• [WHAT THE EXERCISE ASKS]:
Restate the data word for word. Leave the pictures out.

══ DATASET CONTENT ══

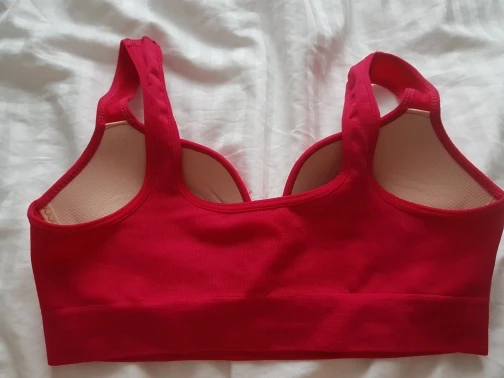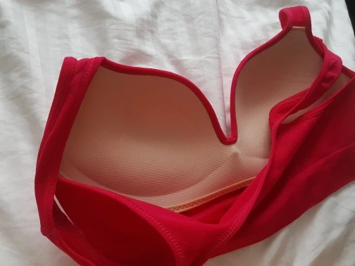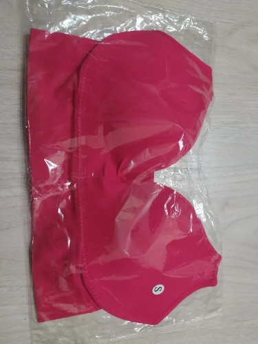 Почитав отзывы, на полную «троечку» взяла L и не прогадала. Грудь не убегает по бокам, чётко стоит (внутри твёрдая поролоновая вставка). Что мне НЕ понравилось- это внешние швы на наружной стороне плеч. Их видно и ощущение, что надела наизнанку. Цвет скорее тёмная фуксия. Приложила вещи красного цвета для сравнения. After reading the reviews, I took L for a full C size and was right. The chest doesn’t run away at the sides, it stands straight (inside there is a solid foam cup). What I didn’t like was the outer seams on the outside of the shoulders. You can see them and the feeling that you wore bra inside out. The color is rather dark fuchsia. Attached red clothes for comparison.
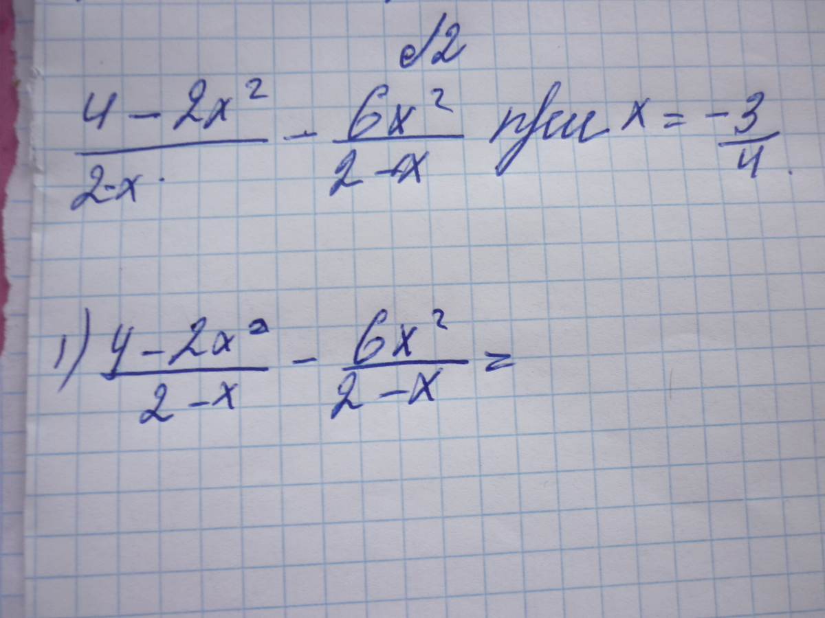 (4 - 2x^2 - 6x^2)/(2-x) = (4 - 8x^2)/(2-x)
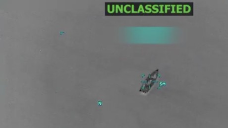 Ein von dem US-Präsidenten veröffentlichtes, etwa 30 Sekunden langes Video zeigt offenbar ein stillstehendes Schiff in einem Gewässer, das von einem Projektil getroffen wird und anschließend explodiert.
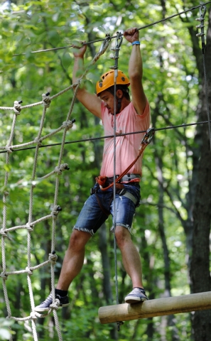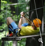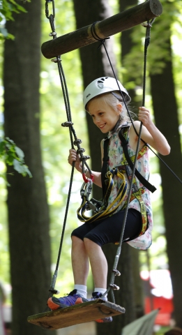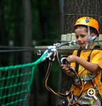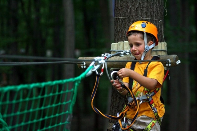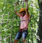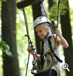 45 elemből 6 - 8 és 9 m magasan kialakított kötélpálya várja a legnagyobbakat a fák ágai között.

═══

• [ANSWER FOR THIS EXERCISE]:
 Почитав отзывы, на полную «троечку» взяла L и не прогадала. Грудь не убегает по бокам, чётко стоит (внутри твёрдая поролоновая вставка). Что мне НЕ понравилось- это внешние швы на наружной стороне плеч. Их видно и ощущение, что надела наизнанку. Цвет скорее тёмная фуксия. Приложила вещи красного цвета для сравнения. After reading the reviews, I took L for a full C size and was right. The chest doesn’t run away at the sides, it stands straight (inside there is a solid foam cup). What I didn’t like was the outer seams on the outside of the shoulders. You can see them and the feeling that you wore bra inside out. The color is rather dark fuchsia. Attached red clothes for comparison.
 (4 - 2x^2 - 6x^2)/(2-x) = (4 - 8x^2)/(2-x)
 Ein von dem US-Präsidenten veröffentlichtes, etwa 30 Sekunden langes Video zeigt offenbar ein stillstehendes Schiff in einem Gewässer, das von einem Projektil getroffen wird und anschließend explodiert.
 45 elemből 6 - 8 és 9 m magasan kialakított kötélpálya várja a legnagyobbakat a fák ágai között.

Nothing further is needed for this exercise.